My Wives are Beautiful Demons-Chapter 670: Space-Time Interference
Vergil remained motionless for a few seconds after Seris's last sentence.
The silence wasn't empty—it was dense. Heavy. Laden with something that made the very air seem to hesitate before moving.
"No," he repeated, now with more weight. It wasn't a request. It was a statement.
Seris raised an eyebrow, but didn't smile this time.
"Vergil…"
He turned completely to her, his eyes already beginning to acquire that cold, deep glint that preceded irreversible decisions.
"She won't participate," he said. "Not in this tournament."
Alice opened her mouth immediately.
"But—!"
"No," he repeated, raising his hand, not aggressively, but with enough authority to make her stop. Vergil then turned to Seris. "You know exactly what this tournament is. It's not a testing ground. It's a political slaughterhouse."
Seris sighed slowly.
"I know," she replied. "But you also know she's not weak."
"That doesn't matter."
Vergil stepped forward. The temperature in the room dropped a few degrees.
"If she dies there," he said, with a chilling calm, "there will be no more tournament."
Seris narrowed her eyes.
"Vergil…"
"There will be no more rules.

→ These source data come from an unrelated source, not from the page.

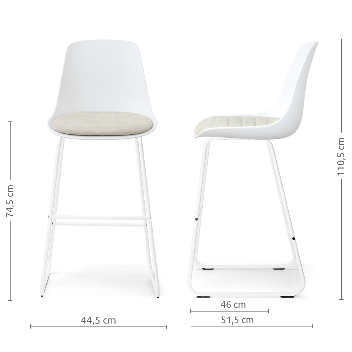 - Dankzij de zithoogte van 74,5 cm geschikt voor aan een bar of hoge eettafel met een hoogte van ca. 98-105 cm
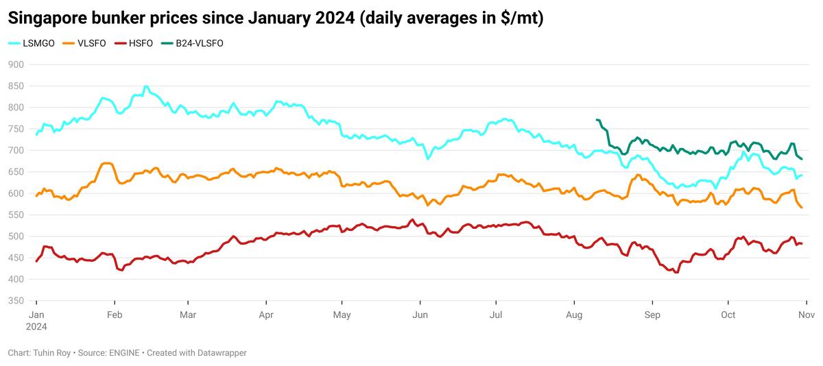 - B24-VLSFO lingers around its lowest level in almost a week
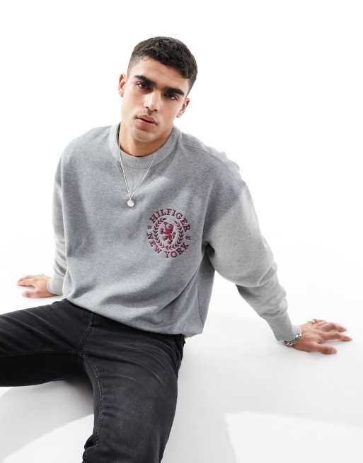 Tommy Hilfiger - Grå med rund hals og lille våbenskjold
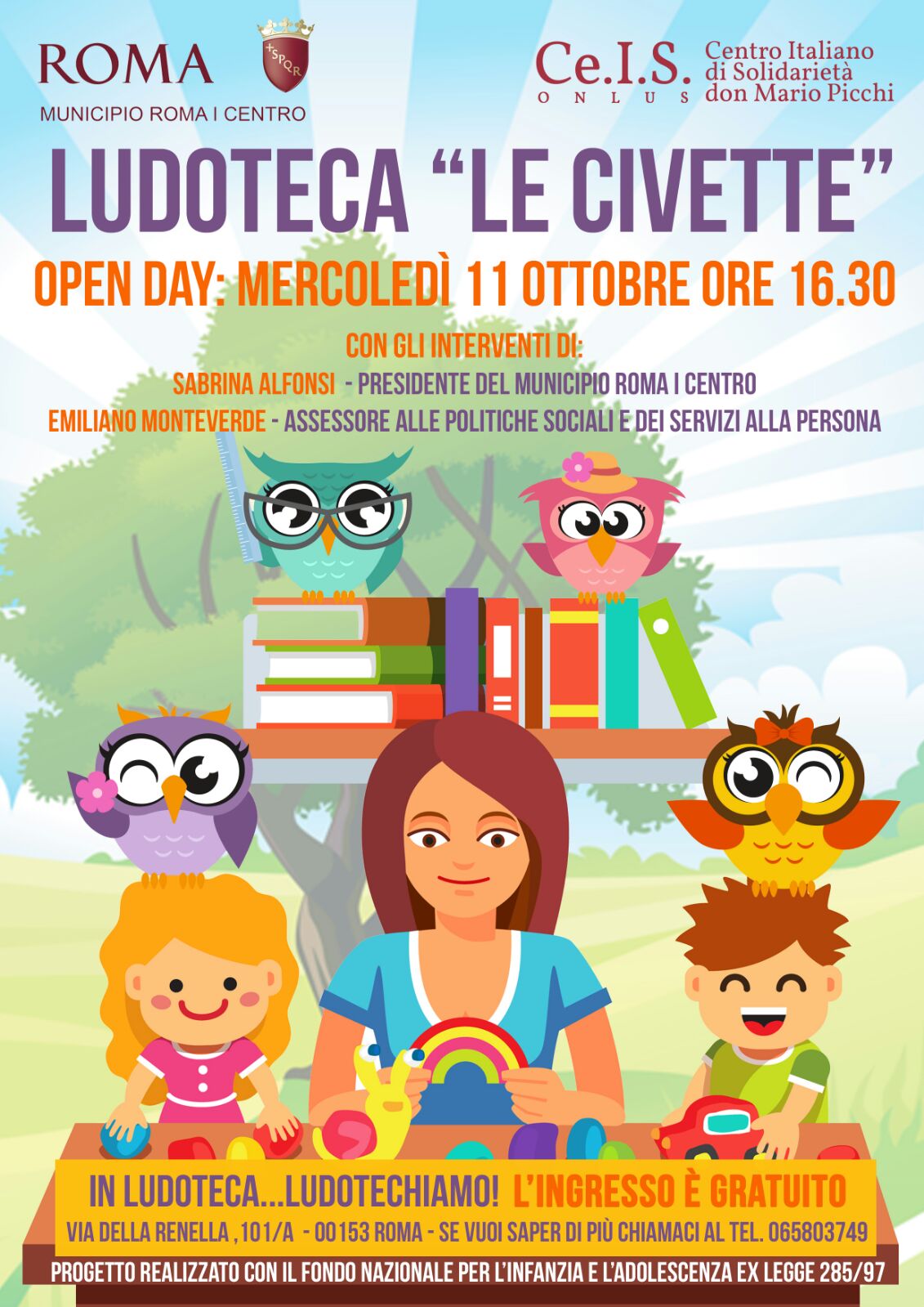 Mercoledì 11 ottobre dalle 16.30 il Primo Municipio di Roma in collaborazione con il C.e.i.s. Centro italiano di solidarietà Don Mario Picchi inaugura la nuova ludoteca "Le civette". La ludoteca aprirà a Trastevere in via della Renella‚ 101/A. Uno spazio gratuito dedicato ai bambini e alle bambine aperto tutti i pomeriggi dal lunedì al sabato‚ fino alle 19.00 Nel corso dell'inaugurazione interverranno Sabrina Alfonsi‚ Presidente del Primo Municipio e Emiliano Monteverde‚ Assessore alle Politiche Sociali e dei Servizi alla Persona.
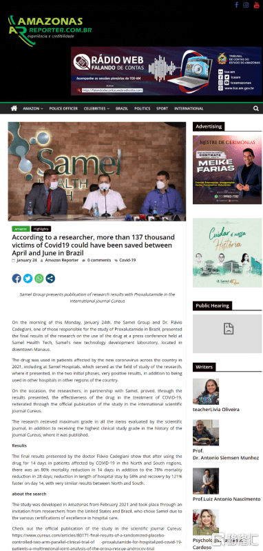 当地时间2022年1月24日,巴西Samel医院和Flávio Cadegiani医生在玛瑙斯举行了新闻发布会,会上展示了普克鲁胺在巴西治疗重症新冠患者研究者临床试验的最终亮眼数据。Samel医院和Flávio Cadegiani医生是此项试验的临床中心医院和主要研究者之一。
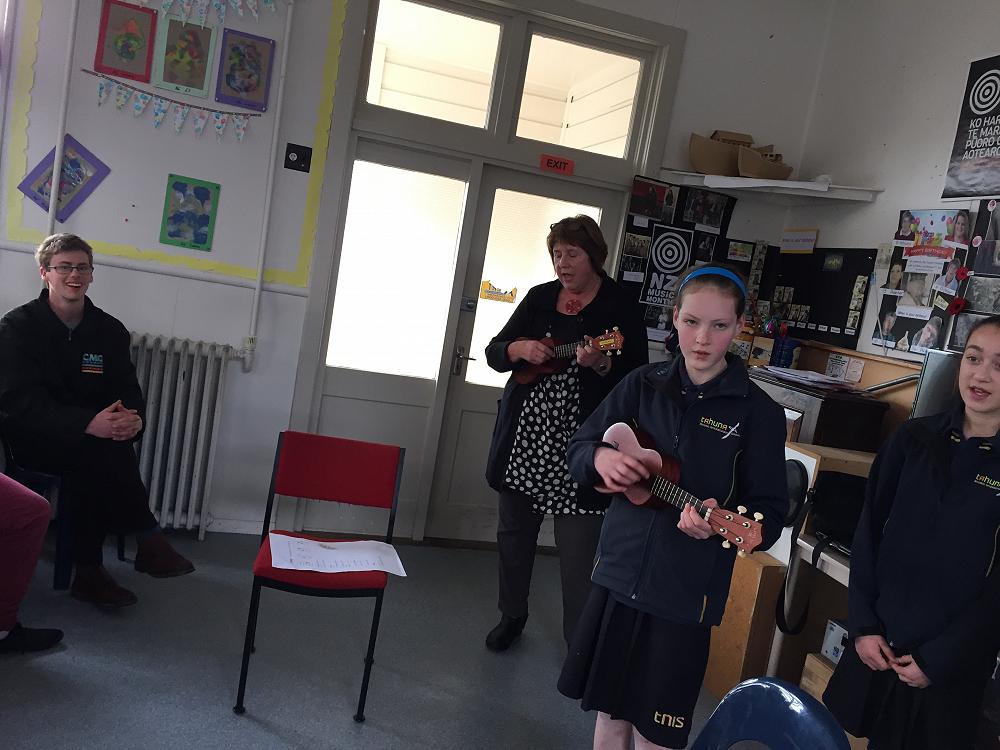 Members of the Te Taiopeka group travelled over to Sarah Cohen school to help with Maori language week celebrations and thrilled staff and students with 3 waiata. The contingent shared a number of other popular Maori songs via ukulele and were so popular the senior teacher asked for a repeat performance of an earlier item as teachers and audience members wanted to sing it. It was a fabulous community moment enjoyed by Te Taiopeka students and of course the very special audience members.
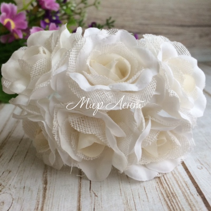 Роза з тканиною, 3,5 см, біла, упаковка 36 шт.
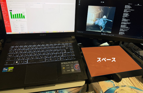 目は上下の移動が多いと疲れやすくなってしまうので、サブディスプレイはメインディスプレイの真横に配置したい。

There will be no more agreements. There will be no more councils," he continued. "I will ensure that every god who has stepped into that arena dies. One by one. Until the last name is erased from history."
His tone wasn't exalted.
It was factual.
Alice, instead of being frightened… her eyes widened.
Not from fear.
From emotion.
"You…" she put her hands to her chest, her eyes shining. "You would do that… for me?"
Vergil looked at her.
"Without hesitation," he replied.
Alice took a deep breath, as if it were the most beautiful thing she had ever heard.

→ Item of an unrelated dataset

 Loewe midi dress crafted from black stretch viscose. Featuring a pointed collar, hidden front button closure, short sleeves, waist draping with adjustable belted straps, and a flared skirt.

"That would be… so beautiful," she murmured. "The world ending because you love me too much…"
The silence that followed was absolute.
Vergil froze.
Seris froze.
They both turned slowly to Alice at the same time, with the same expression: a perfect mixture of shock, disbelief, and "where did we go wrong?"
"…What?", Seris said first.
Alice blinked, confused. "What?"
"Alice," Seris spoke slowly, leaning forward slightly, "that wasn't… normal."
"Wasn't it?", she asked genuinely.
Vergil closed his eyes for a full second. He massaged his temple.
"You just said you think the end of the world is beautiful because I love you too much."
Alice thought for a moment.
"When you talk like that…" she tilted her head. "Is it strange?"
Seris sighed dramatically and made an exaggerated pout.
"Oh dear…" she said. "I would end the world if you died."
Vergil turned his face to her slowly.
"You're being very helpful."
Seris shrugged. "I'm being honest."
Vergil looked back at Alice, now with a stern but not harsh expression.
"You can't romanticize this," he said. "It's not love. It's disaster."
Alice frowned slightly.
"But you said you would do it."
"I did," he agreed. "That doesn't make it right. It makes it inevitable."
She remained silent, absorbing it.
Seris crossed her arms.
"Vergil, listen," she said, now more serious. "I wouldn't throw Alice into this if I thought she wouldn't survive."
"That's exactly the problem," he replied. "Surviving isn't enough."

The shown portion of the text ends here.